#### Prompt:
Exclude all pictures from your copy of the data below, which should otherwise match exactly.

#### Material provided:
==*==
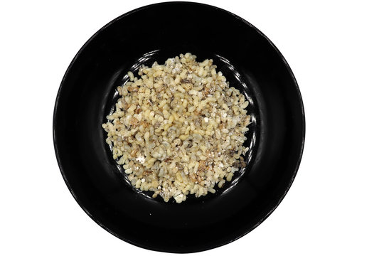 Close-up of red ant eggs in bowl
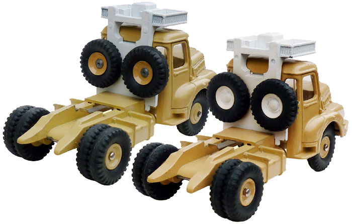 The sand coloured spare wheels are the early ones, they were painted separately before assembly. It was obvious that assembling them unpainted and painting the sub assembly in a single operation was easyer and a tiny bit cheaper although incorrect as the truck's hubs are not white.
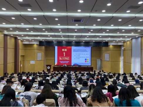 2021年9月23日下午,学校副院长严黄一仪同志在图书馆报告厅,为我校会计学院、经济学院2019级400多名学生上了一堂题为“正确认识我国人口问题”的形势与政策课。
==*==
#### Output of the task:
 Close-up of red ant eggs in bowl
 The sand coloured spare wheels are the early ones, they were painted separately before assembly. It was obvious that assembling them unpainted and painting the sub assembly in a single operation was easyer and a tiny bit cheaper although incorrect as the truck's hubs are not white.
 2021年9月23日下午,学校副院长严黄一仪同志在图书馆报告厅,为我校会计学院、经济学院2019级400多名学生上了一堂题为“正确认识我国人口问题”的形势与政策课。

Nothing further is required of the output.